> **Required action**
Exact copy, no pictures: take the lines of the listing below from the first through the one containing "The clean design".

Data segment below:

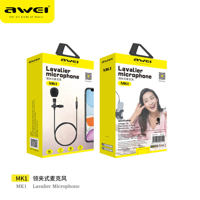 Мікрофон AWEI Lavalier Microphone MK1 |3M|
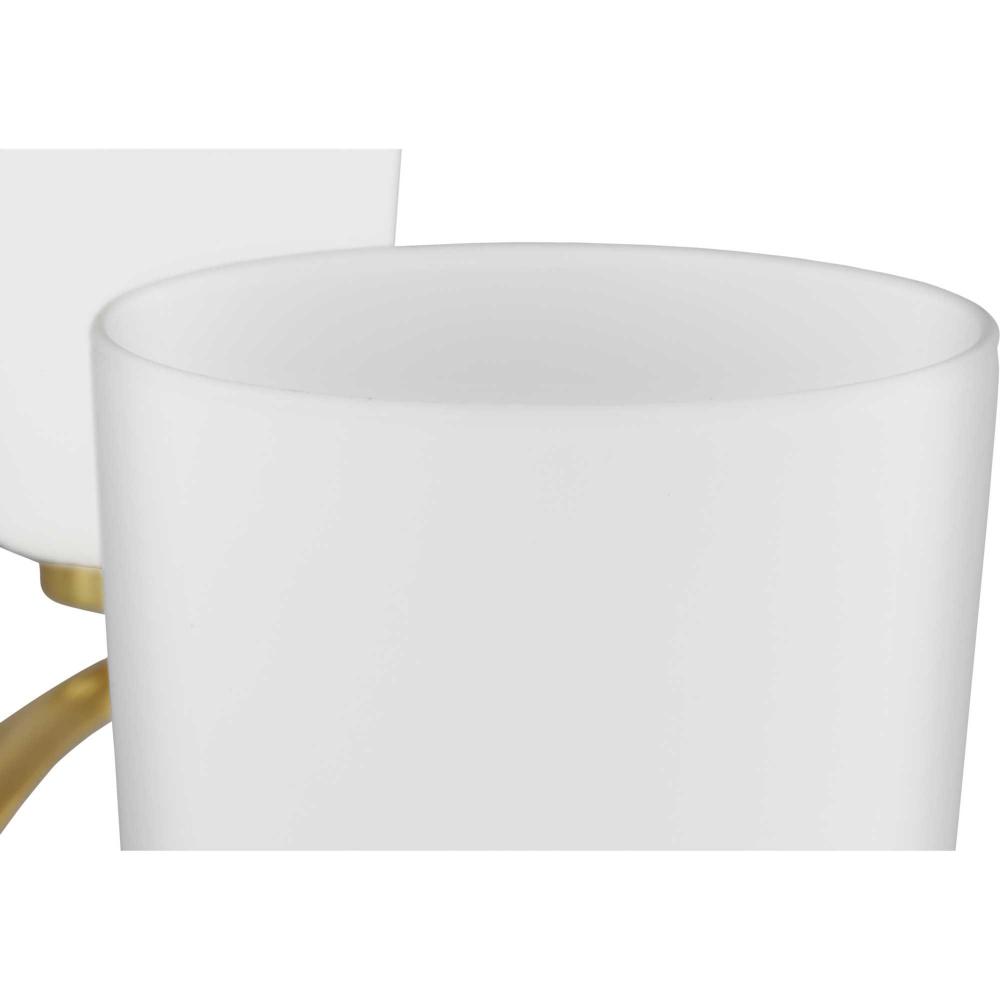 The clean design combines etched white glass shades with a curved arms and simple, straight bars
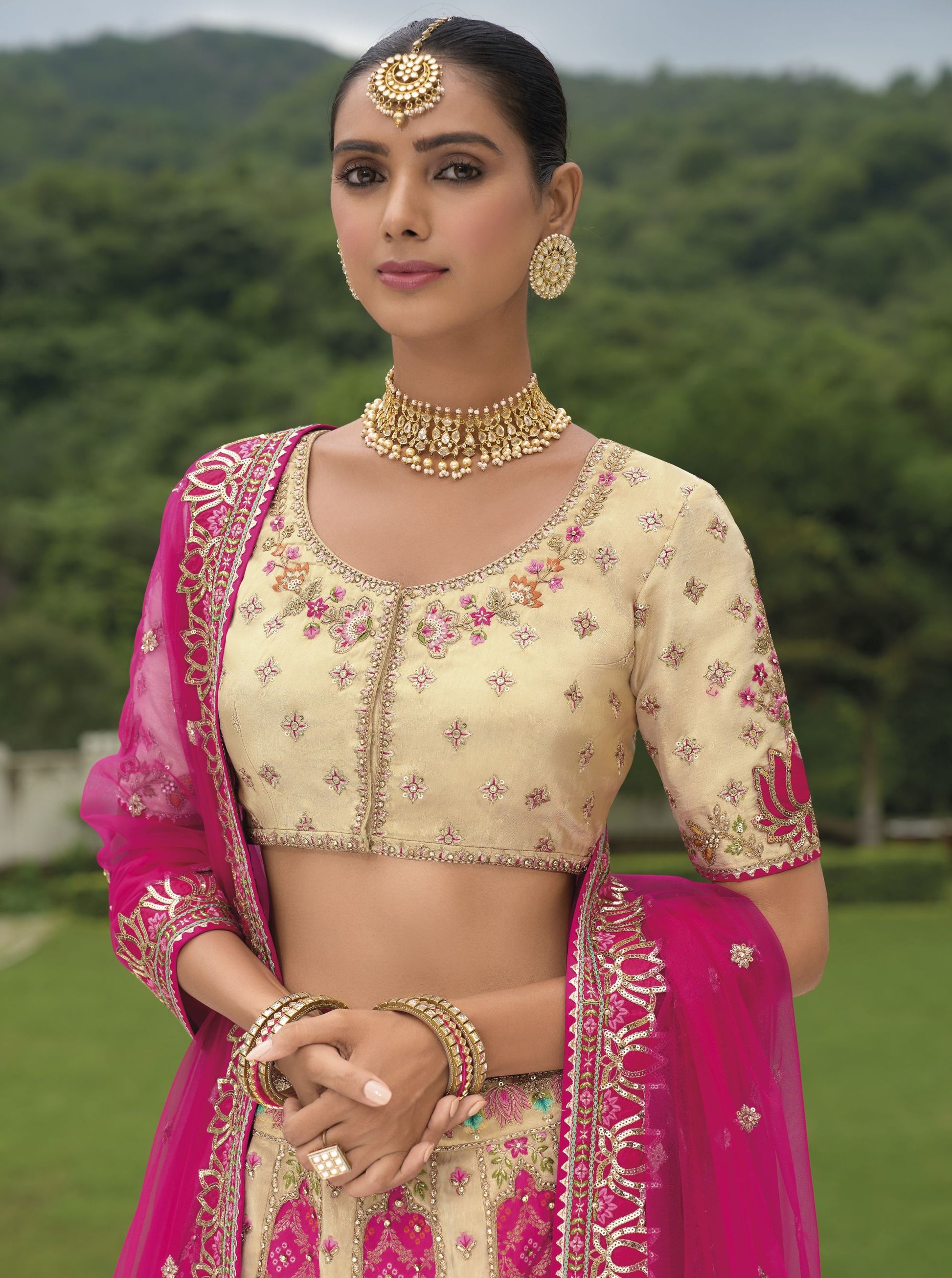 Looking for something a little out of the ordinary? We've got just the thing! This Pink and Beige Khatli and Sequence Embroidery Silk Bridal Lehenga is perfect for those who want to make a statement. With its beautiful sequins embroidery and vibrant pink color, this lehenga is sure to make you the center of attention. A bride would look gorgeous in this outfit. It is suitable for any occasion, such as weddings, receptions, engagement parties, and sangeets. So don't wait any longer, add this Pink and Beige Khatli and Sequence Embroidery Silk Bridal Lehenga to your wardrobe today!
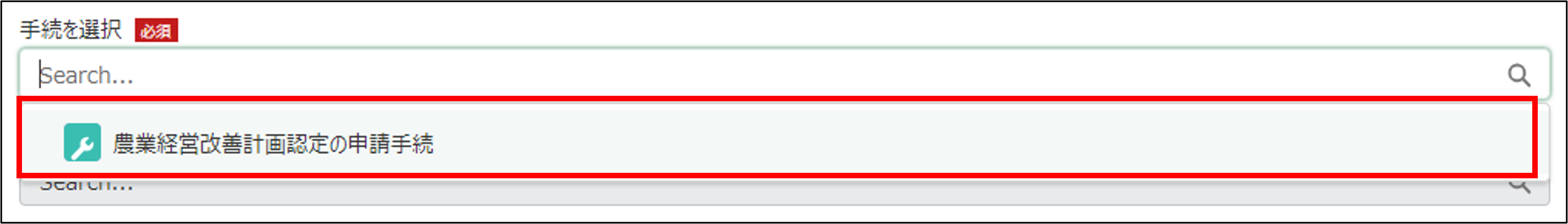 4.「手続を選択」欄をクリックし、表示された一覧から「農業経営改善計画認定の申請手続」をクリックします。

End of Data segment.

> **Problem solution**
 Мікрофон AWEI Lavalier Microphone MK1 |3M|
 The clean design combines etched white glass shades with a curved arms and simple, straight bars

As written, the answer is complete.